2. Optimized Core Web Vitals
Velvet & Thread's site was loading in 5.2 seconds on mobile, primarily due to unoptimized product photography. Fashion stores are particularly susceptible to image bloat because high-quality lifestyle photography is central to the brand experience. They:
- Implemented automatic WebP conversion for all product images via BigCommerce's Akamai CDN
- Added responsive image srcsets with appropriate breakpoints for mobile, tablet, and desktop
- Deferred non-critical JavaScript including social proof widgets and chat plugins
- Enabled BigCommerce's built-in CDN edge caching for static assets
Mobile load time dropped to 2.1 seconds. AI agents factor site performance into their trust and reliability signals. A fast, stable store with accurate data gets recommended over a slow one with similar products.

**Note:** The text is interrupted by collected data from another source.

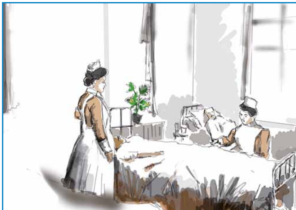
Vilma Hugonnai se je dosta trüdila za tau, ka bi se leko na Vogrskom ženske tö vönävčile za doktorce

je mogla pomagati betežnikom, ka bi leko gordržala svojo držino. Tistoga ipa je vödala pisanje »Ženske v službaj«, v šterom je terdjala šaulsko reformo. Cuj je bila pri vsakšoj organizaciji, štera se je trüdila za enakopravnost žensek.
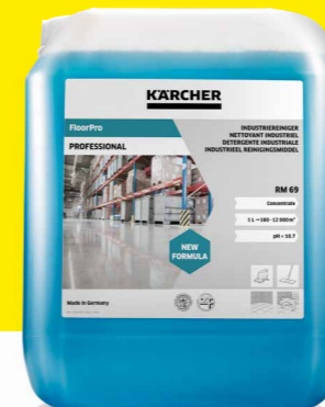
FloorPro Industriereiniger RM 69

In Abhängigkeit vom Verschmutzungsgrad, dem Einsatzort und dem jeweiligen Bodenbelag empfiehlt Kärcher unterschiedliche Reinigungsmittel zum Einsatz mit dem Reinigungsroboter KIRA B 50 – jeweils natürlich perfekt auf das Gerät abgestimmt, sicher in der Anwendung und umweltfreundlich im Einsatz.
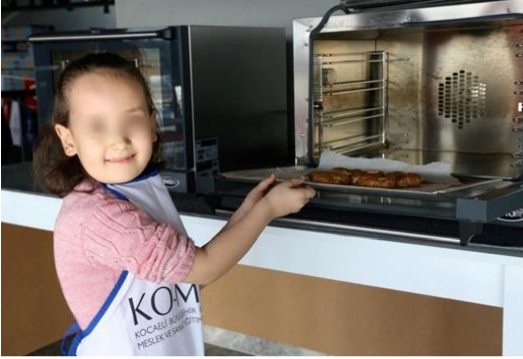
Şekil 3.22. Kandil Simidi Etkinliği
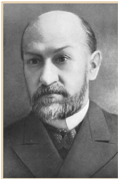
Василий Владимирович Бартольд.

и разделял мнение И.Н. Березина, который, допуская значительное влияние на кочевников китайской культуры, полагал, что Чингисхан обладал «здравым смыслом дикаря, полного энергии», и постановлениями своей Ясы положил заслон ее распространению в созданном им государстве 41 . Главную роль в движении номадов В.В. Бартольд оставлял за экономическими причинами 42 . Ученый считал, что Чингисхан был сначала всего лишь «предводителем шайки искателей приключений» 43 . В специально посвященной ему статье в «Энциклопедии ислама» он писал: «Невозможно доказать, что Чингиз-хан лелеял великие планы завоеваний во время своей ранней карьеры в Монголии. Его первые кампании против соседних оседлых стран были нацелены лишь на грабеж; только значительно позже монгольская власть установилась прочно в этих странах. Походы на запад были предприняты первоначально для преследования врагов, которые там укрывались; лишь в ходе событий эти походы постепенно развились в преднамеренные завоевания» 44 .
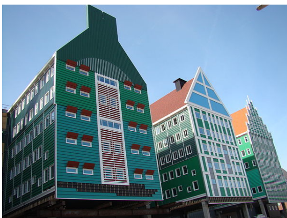
Het uit 2011 daterende gemeentehuis van Zaanstad te Zaandam waarvan de architectuur is geïnspireerd op traditionele Zaanse huisjes.

Zaanstad (uitspraak (info / uitleg)) is een gemeente in de Nederlandse provincie Noord-Holland. De gemeente is de grootste in de Zaanstreek. Per 3 april 2013 had de gemeente Zaanstad 150.000 inwoners. [1]
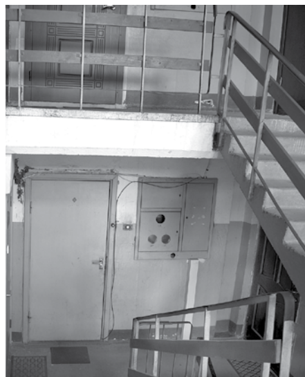
Vālodzīšu kāpņu telpu iemītnieki remontēs ar konkursa Darīsim paši atbalstu.
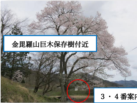
金毘羅山巨木保存樹付近
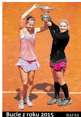
Bucie z roku 2015 MAFRA
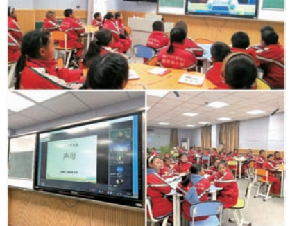
暖流志愿服务队成员开展线下送课
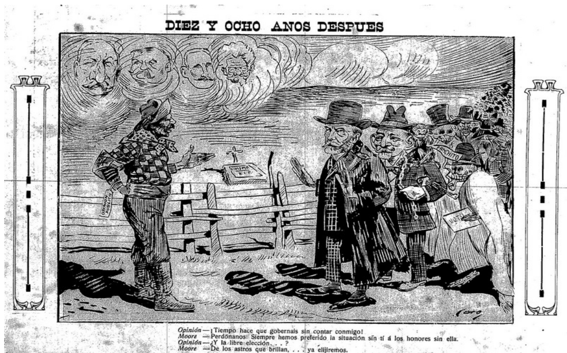
“Diez y ocho años después”, Hoja del Pueblo , Bahía Blanca, año IV, n° 213, 01 de septiembre de 1909.

La coincidencia entre los dibujos de Caro y las caricaturas de Proyecciones justifica la atención que prestamos a “Diez y ocho años después” en el párrafo anterior. Tópicos como la “muerte del civismo”, la crítica a la aproximación de los radicales al conservadorismo, 15 el oportunismo, la ineptitud y la corrupción de los funcionarios se encuentran presentes en el imaginario de la época y, por lo tanto, en las manifestaciones humorísticas de sus dibujantes y periodistas. Burlarse de las
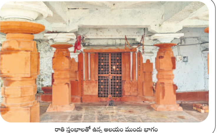
రాతి స్తంభాలతో ఉన్న ఆలయం ముందు భాగం

అంశంపై ఆంగ్లంలో 80 నిమిషాల్లో రాయాల్సి ఉంటుందన్నారు. ఒకసారి ఎంపిక చేసిన అంశం మాార్చిండుకు వీలులేదు? పోస్టర్ మేకింగ్ (మెయింటింగ్) చేసేందుకు 90 నిమిషాల సమయం ఇస్తారని తెలిపారు. మెయింటింగ్ సామగ్రి తెచ్చుకోవాలని, వక్రత్య పోటీలు, అభ్యర్థులు లాటో డ్యాం ఎంపిక
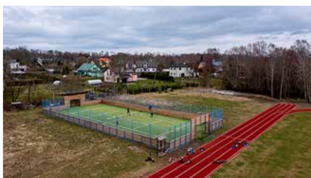
2020. aastal ehitati Vahur Vatteri ettepanekul Vääna-Jõesuu kooli staadionile mitmfunktsiooniline spordiväljak.
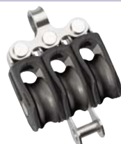
Festes Auge mit Unterbügel Fixed Eye with becket
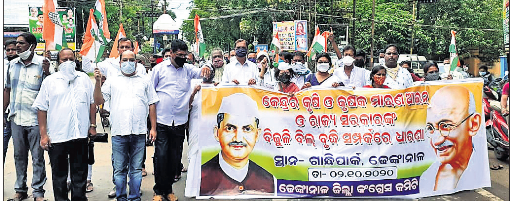
କଂଗ୍ରେସ ପକ୍ଷରୁ କୃଷକ ପଦଯାତ୍ରା।
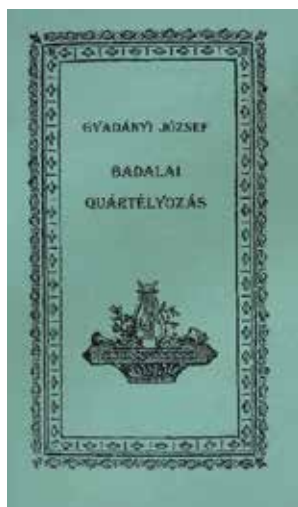
Gvadányi József „Badalai quártélyozás” című könyvének hasonmás kiadása
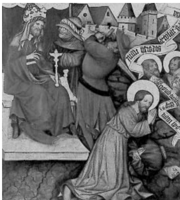
Mistr rajhradského oltáře, svatojakubský oltář, před r. 1450

Výstavou, která bude zahájena 14. října tohoto roku v Brně, 21. října v Opavě a 26. října v Olomouci vrcholí významná etapa výzkumné a badatelské práce na náročném výzkumném projektu, započatém v roce 1996. Na jeho realizaci úzce spolupracovaly
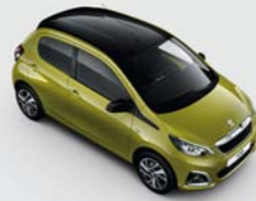
Bi-ton : Green Fizz / Black Diamond
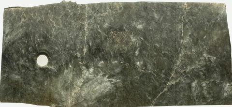
山西史前时期第一件牙璋闪亮登场
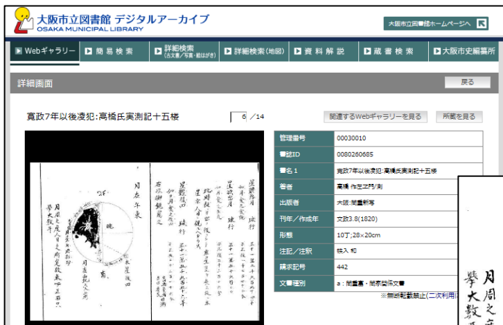
『寛政七年以後凌犯：高橋氏実測記十五楼』

★当館の「間重富・間家関係文書」は、 「大阪市立図書館デジタルアーカイブ http://image.oml.city.osaka.lg.jp/archive/ 」 上のデジタル画像でご覧いただけます。
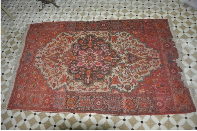
Şekil 18: Seccade
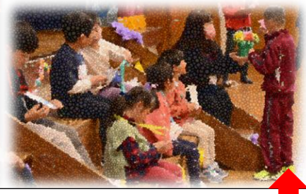
2年生からのプレゼント「あさがおの種とエール」
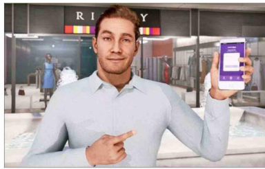
"Lukas", un avatar creado con IA para ofrecer educación financiera "personalizada y accesible".

antes de Chile. "Acá nadie nos pescaba, nos encontraban caros y decían que estábamos locos", relata como anécdota. "Pero acá ya está llegando, por varios lados", analiza y dice que están "metiéndole a full" con este tema, que espera que sea la tendencia de este año.
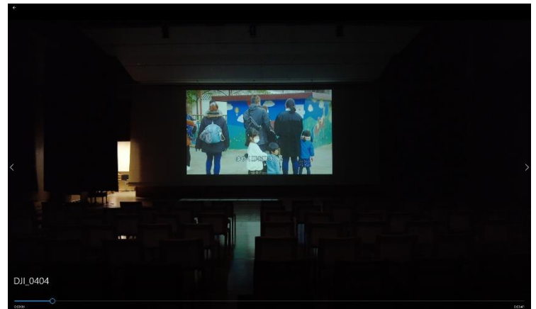
最後列から見たスクリーンの大きさ
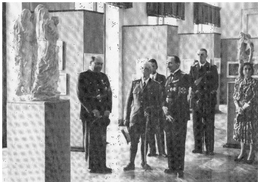
Fig. 5. Vernisajul expoziției anuale colective a secțiunii artistice de la Accademia di Romania, 21 mai 1940. De la stânga la dreapta, istoricul Emil Panaitescu, Regele Italiei, Vittorio Emanuele di Savoia al III-lea, ambasadorul Raoul Bossy. În spatele suveranului, parțial vizibil, sculptorul Ion Lucian Murnu.
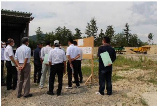
▲管内視察の様子((株)明和クリーン)

みよし広域連合議会では、令和4年8月29日に広域連合議会議員8名と職員7名が参加し、管内視察を行いました。
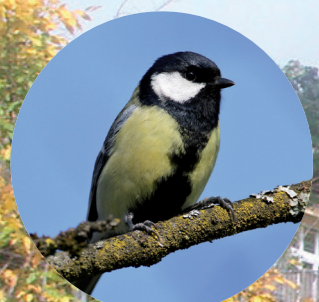
1 Mésange charbonnière
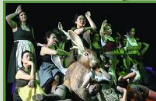
Stimmenstarker Chor- und Extrachor in „Spuren der Verirrten“

Bildstark. Den entscheidenden Anteil am Erfolg dieser monumentalen Produktion hat der erfahrene Regisseur David Pountney, der aus seiner überreichen und erprobten Phantasie schöpfen konnte. Denn der Text lässt ihm viel freien Raum zur Entfaltung bildstarker und abwechslungsreicher Passagen. Es entstand ein repräsentatives Musiktheater, das sinnvoll und aussagestark von Robert Israel (Bühne) und Anne Marie Legenstein (Kostüme) unterstützt wurde und ein bewegungsreiches, detailverliebtes Bild auf die Riesenbühne stellte. Ein tragender Teil am Gelingen ist auch dem Ballett-Ensemble (Choreographie: Amir Hosseinpour) zuzurechnen, welches mit den oft abgehackten, maschinell wirkenden Bewegungen und Figuren ein sinnsuchendes Zeit-Raum-Gefühl vermitteln.
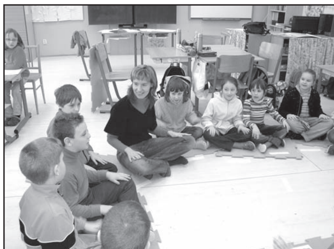
▲ Język angielski.
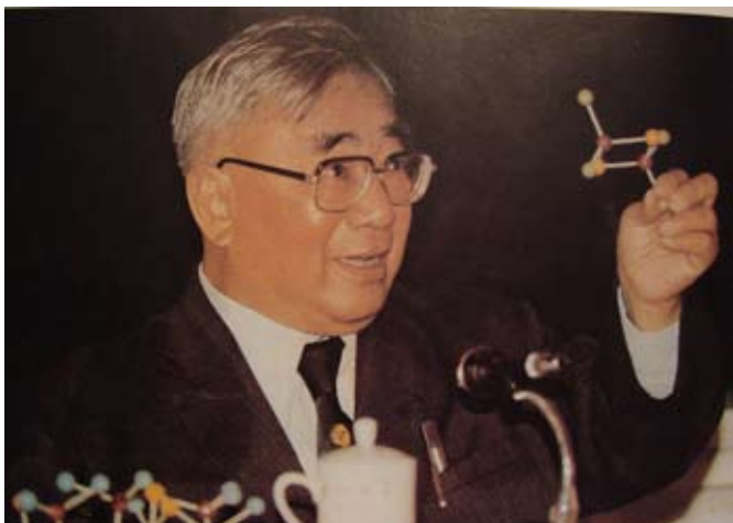
卢嘉锡教授在做学术报告
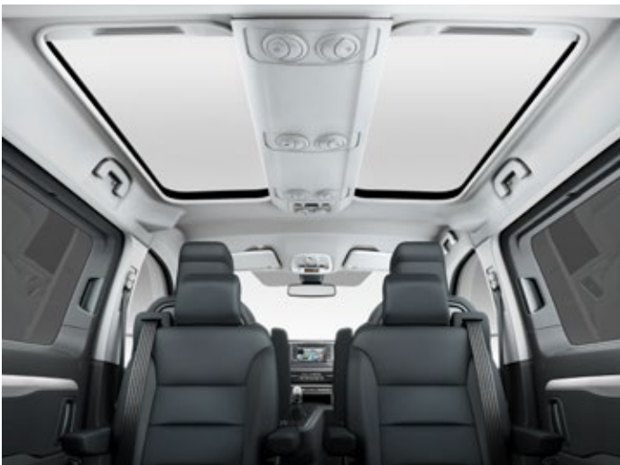
Dach multifunkcyjny (w wersji VIP z dodatkowym podświetleniem AMBIENT LED ring) daje dużo światła wszystkim pasażerom zarówno w dzień, jak i w nocy.
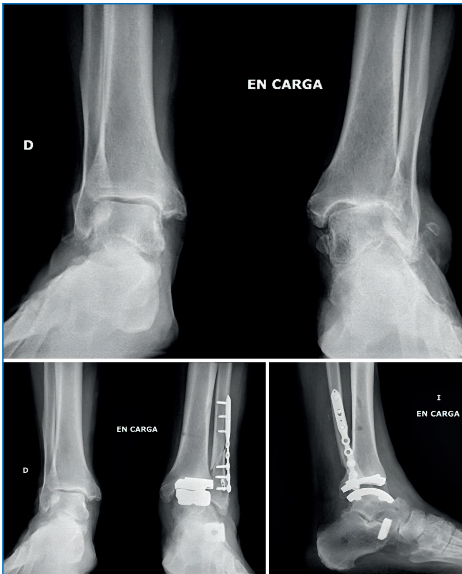
Figura 5. Paciente que debuta con una deformidad flexible y artrosis en valgo tibiotalar donde se realiza reconstrucción ligamentosa, osteotomía de alargamiento de la columna lateral con cuña de titanio poroso y posterior implante de artroplastia total de tobillo TM Ankle® (Zimmer Biomet®).
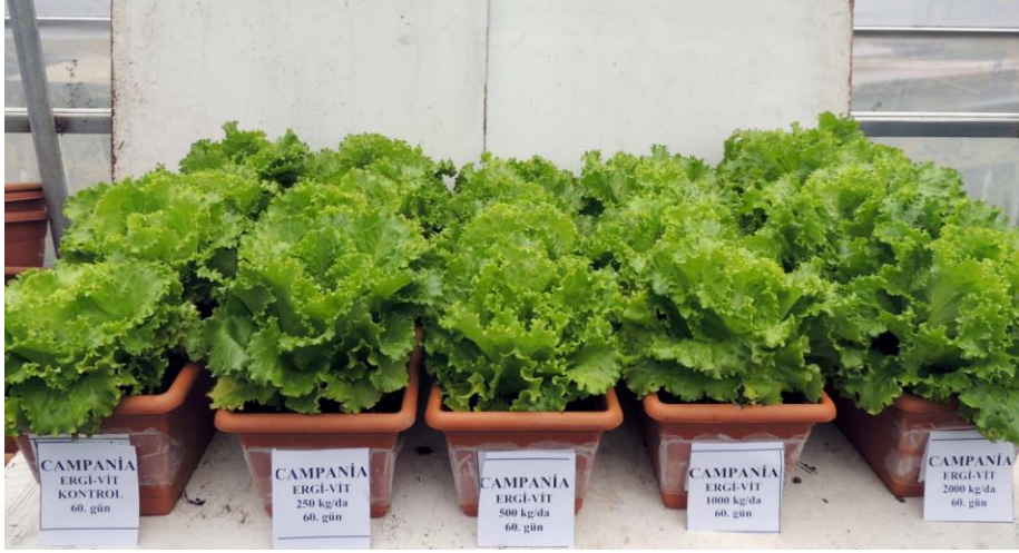
EK 6: Campania marul çeşidinde 60. günde Ergivit gübre etkileri
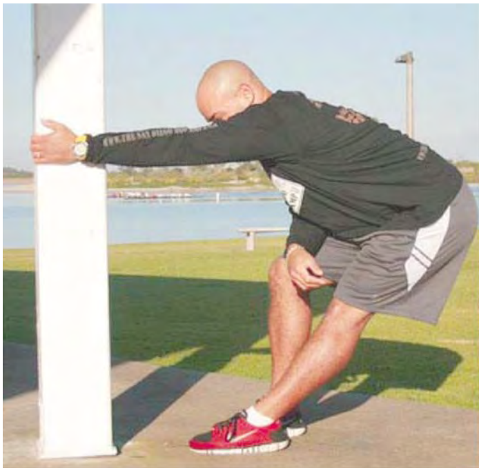
Imagen: sin créditos.

Tomada de http://www.obsessyourself.com/author/admin/
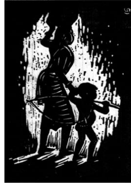
চিত্র ২: জয়নুল আবেদিন, সাঁওতাল মা ও শিশু , লিনোখোদাই, ১৯৪৫
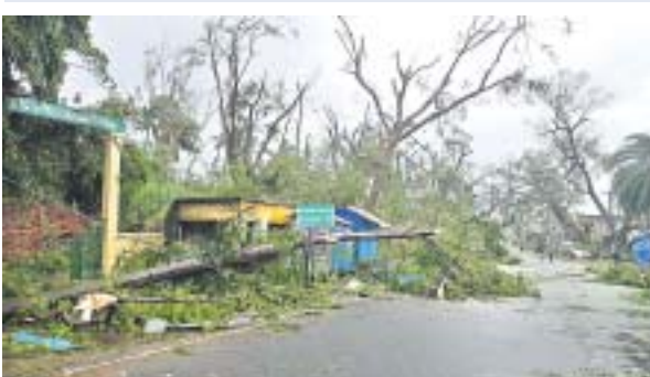
ପାରଳାଖେମୁଣ୍ଡି ଫରେଷ୍ଟ ଅଫିସ ନିକଟରେ ଗଛ ଉପୁଡ଼ି ପଡ଼ିଛି ।

ସମେତ ମୋହନା - ଅନ୍ତରାଳ ଓ ପାରଳାଖେମୁଣ୍ଡି ମଧ୍ୟରେ ଯୋଗାଯୋଗ ବାଧାପ୍ରାପ୍ତ ହୋଇଛି । ସେହିପରି ବ୍ରହ୍ମପୁର- ରାୟଗଡ଼ା ରାସ୍ତାରେ ମାଟୁରେ ପାଣି ଚାଲିବା ସହ ଗଛ ପଡ଼ିଥିବାରୁ ଯାନବାହନ ଚଳାଚଳ ବନ୍ଦ ରହିଛି । ଗୁମ୍ଫା-ପାରଳାଖେମୁଣ୍ଡି ରାସ୍ତା କଡ଼ରେ ଥିବା ୧୫ରୁ ଉର୍ଦ୍ଧ୍ୱ ପୁରୁଣା ବିରାଟ ଗଛ ଉପୁଡ଼ିପଡ଼ିଛି । ତରଭା ପଞ୍ଚାୟତର ଆଶ୍ରୟଗଡ଼ ଗ୍ରାମରେ ବର୍ଷାଜଳ ପ୍ରବେଶ କରିବାରୁ ଗ୍ରାମବାସୀ ପଲିଥିନ୍ ପାଇଁ ପ୍ରଶାସନର ସହାୟତା ଲୋଡ଼ିଥିଲେ । ମାତ୍ର କୌଣସି ସହାୟତା ନ ମିଳିବାରୁ ସେମାନେ ଉଦ୍ଧେଷ୍ଟ ହୋଇ ଗୁମ୍ଫାର କୁଳ କାର୍ଯ୍ୟାଳୟକୁ ଆସି ପାଟିଚୁଷ୍ଟ କରିବା ସହ କିଛି ଆସବାବ ପତ୍ର ଫିଙ୍ଗାଫିଙ୍ଗି କରିଥିଲେ । କ୍ଷେତ୍ର ଅନୁଧ୍ୟାନ ପାଇଁ ବିଡିଓ ଯାଇଥିବା ବେଳେ କର୍ମଚାରୀମାନେ ସେମାନଙ୍କୁ ବୁଝାଶୁଣା କରିଥିଲେ । ଗୋଷାଣୀ ବୁକର ଯାକପୁର ଗ୍ରାମରେ ବର୍ଷାଜଳ ପ୍ରବେଶ କରିଛି । କାଶୀନଗରର ହରିଜନ ସାହି, ଚାଟା କଲୋନୀ, ଲକ୍ଷ୍ମୀପୁର ଆଦି ଗ୍ରାମରେ ଘରଘାର ଭାଙ୍ଗିବା ସହ ଛପର ଉଡ଼ିଯାଇଛି । ନିକଟସ୍ଥ ବଂଶଧାରା ନଦୀରେ ବନ୍ୟା ଆଶଙ୍କା ସୃଷ୍ଟି ହୋଇଛି । ଅପରାହ୍ନ ୫ଟା ପୁଣ୍ୟ ଜଳପତନ ସତର୍କ ସଙ୍କେତ ତଳେ ଅର୍ଥାତ ୫୩.୨୬ମିନିଟରେ ପ୍ରବାହିତ ହେଉଛି । ରାତିରେ ଜଳସ୍ତର ବଢ଼ି ସତର୍କ ସଙ୍କେତ ଚପିପାରେ ବୋଲି କେନ୍ଦ୍ରୀୟ ଜଳ ଆୟୋଗଙ୍କ କାର୍ଯ୍ୟାଳୟ ସୂତ୍ରରୁ ସୂଚନା ମିଳିଛି ।
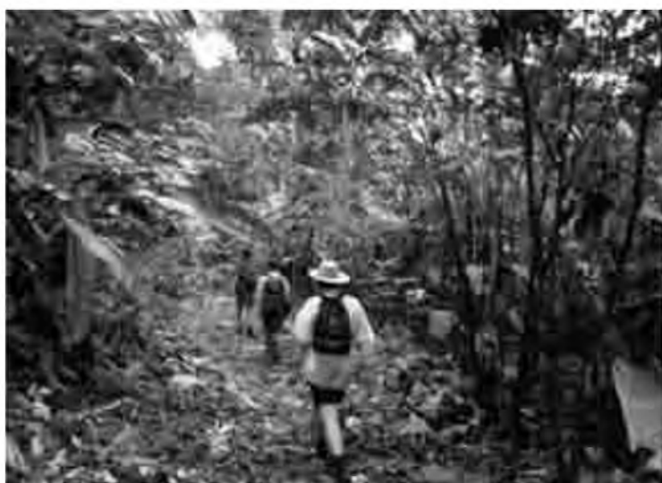
Caminada Selva Choco.

Després vam visitar la Fundació Fernando Botero (artista
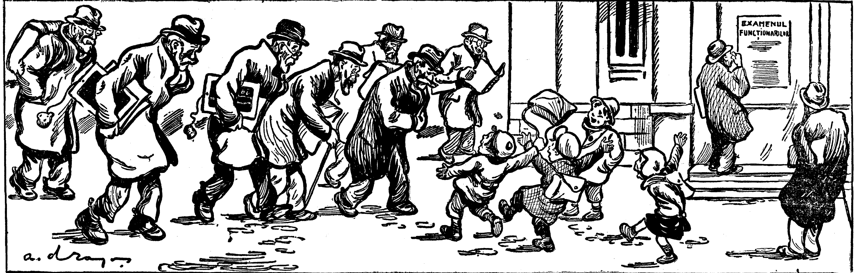
„Succes, bunicule, succes! Vezi să nu te fâștăcești...”

3. Added FAQ Schema to Category Pages
Velvet & Thread added FAQ sections with proper schema markup to their top category pages. The questions were sourced from actual customer inquiries and common AI shopping queries in fashion:
- "What sizes do you carry?" with detailed sizing chart information
- "What is your return policy for sale items?" with clear terms
- "Do you offer free shipping?" with threshold and timeline details
- "What fabrics are used in your spring collection?" with material descriptions
FAQ schema gives AI agents ready-made answers for common questions, making the store more useful in conversational commerce contexts where customers ask natural language questions about product categories.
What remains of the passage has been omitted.